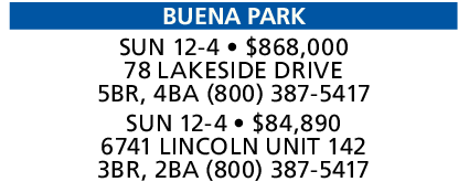 BUENA PARK SUN 12-4 • $868,000 78 LAKESIDE DRIVE 5BR, 4BA (800) 387-5417 SUN 12-4 • $84,890 6741 LINCOLN UNIT 142 3BR, 2BA (800) 387-5417
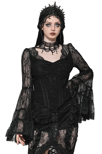 Gothic Black Lace Top with Bell Sleeves and Neck Chains
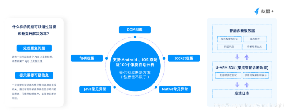 2020年,友盟+原移动分析U-App错误分析模块正式升级为U-APM应用性能监控平台。提供端到端的性能采集、监控和分析能力,帮助互联网企业开发者深入了解应用性能和稳定性,高效定位问题和提升应用体验。
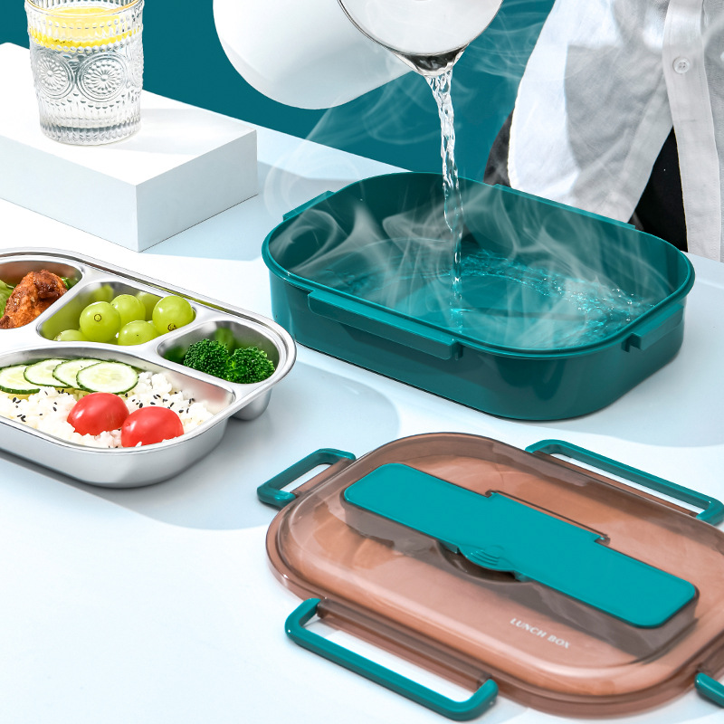 双层加热饭盒 注水加热保温饭盒学生午餐盒保温套装健康pp材质
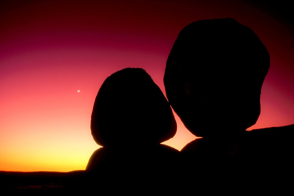 オーストラリア、ノーザンテリトリーの Karlu Karlu (Devils Marbles) の夕暮れの光景。付近には花崗岩の丸い巨岩が散在しています。(フイルム作品)
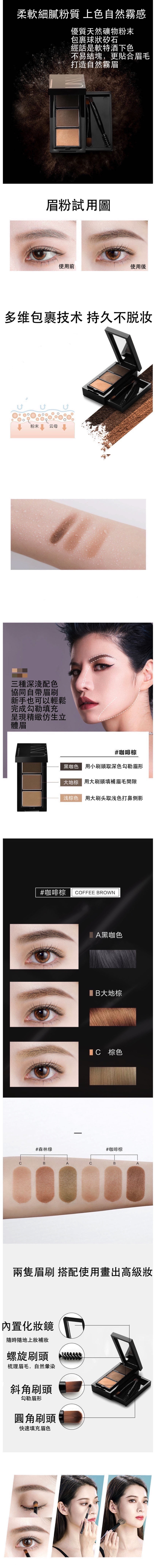 爆款防水防汗三色眉粉盤(咖啡棕)
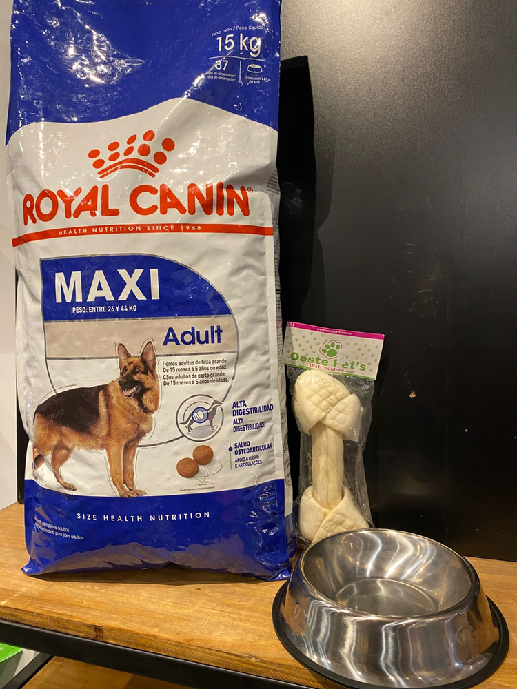 🐾 COMBO PREMIUM PARA PERROS GRANDES 🐾 Royal Canin Maxi Adult 15kg + Plato de metal + Hueso extra grande
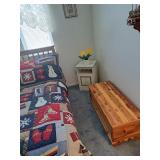 Main Floor: Vintage lamps, crystal vase, vintage benchs, mid century modern lamps, end rables, rugs, mirrors, Howard Miller Clock, Pyrex kitchenware, oster toasters, pots and pans, vintage fruit dish set, paintings, televisions, mid century modern dish set, holt howard dish set, power recliner sectional, Andre Ponche Designer Dish Set, Vintage Christmas decorations, nativity scene, panasonic tv, olympus camera, binoculars, polaroid camera, queen size bed, queen size bed frame, dresser, rocking chair, vintage wedding dress, vintage hats, vintage belts, sealy bed spreed, dirt devil vacuum, bowling balls, bowling balls bags, summmer living bowls, dining room table, bird house, toro, toro rake and vaccum blower, black and decker, black and decker drill, ooga horn, paint, crank organ, shovel, rake, edger, wagon, patio furniture, mulch, potting mix, christmas trees, 2nd Floor: Full size bed set, full size bed frame, toy chest, wooden chest, vintage dolls, vanity, vintage make up stand, end table, vintage lamps, jergens, linens, fur coat, leather coat, miele vaccum, vintage santa, fall decorations, reaths, end table, christmas lights, desk, office chair, office desk, regulator clock, smal desk, brass irom stand, books, bissell vaccum, eureka vaccum, Garmin GPS, Craftsman wet/dry vac, homak tool chest, Stanley portable wet vac, brother sewing machine, epson printer

........

WHAT THIS TASK INVOLVES ▸ Could you print all of the entries above exactly as written, minus the pictures?

TASK RESPONSE ▸
 BUENA PARK SUN 12-4 • $868,000 78 LAKESIDE DRIVE 5BR, 4BA (800) 387-5417 SUN 12-4 • $84,890 6741 LINCOLN UNIT 142 3BR, 2BA (800) 387-5417
 Gothic Black Lace Top with Bell Sleeves and Neck Chains
 2020年,友盟+原移动分析U-App错误分析模块正式升级为U-APM应用性能监控平台。提供端到端的性能采集、监控和分析能力,帮助互联网企业开发者深入了解应用性能和稳定性,高效定位问题和提升应用体验。
 双层加热饭盒 注水加热保温饭盒学生午餐盒保温套装健康pp材质
 オーストラリア、ノーザンテリトリーの Karlu Karlu (Devils Marbles) の夕暮れの光景。付近には花崗岩の丸い巨岩が散在しています。(フイルム作品)
 爆款防水防汗三色眉粉盤(咖啡棕)
 🐾 COMBO PREMIUM PARA PERROS GRANDES 🐾 Royal Canin Maxi Adult 15kg + Plato de metal + Hueso extra grande
 Main Floor: Vintage lamps, crystal vase, vintage benchs, mid century modern lamps, end rables, rugs, mirrors, Howard Miller Clock, Pyrex kitchenware, oster toasters, pots and pans, vintage fruit dish set, paintings, televisions, mid century modern dish set, holt howard dish set, power recliner sectional, Andre Ponche Designer Dish Set, Vintage Christmas decorations, nativity scene, panasonic tv, olympus camera, binoculars, polaroid camera, queen size bed, queen size bed frame, dresser, rocking chair, vintage wedding dress, vintage hats, vintage belts, sealy bed spreed, dirt devil vacuum, bowling balls, bowling balls bags, summmer living bowls, dining room table, bird house, toro, toro rake and vaccum blower, black and decker, black and decker drill, ooga horn, paint, crank organ, shovel, rake, edger, wagon, patio furniture, mulch, potting mix, christmas trees, 2nd Floor: Full size bed set, full size bed frame, toy chest, wooden chest, vintage dolls, vanity, vintage make up stand, end table, vintage lamps, jergens, linens, fur coat, leather coat, miele vaccum, vintage santa, fall decorations, reaths, end table, christmas lights, desk, office chair, office desk, regulator clock, smal desk, brass irom stand, books, bissell vaccum, eureka vaccum, Garmin GPS, Craftsman wet/dry vac, homak tool chest, Stanley portable wet vac, brother sewing machine, epson printer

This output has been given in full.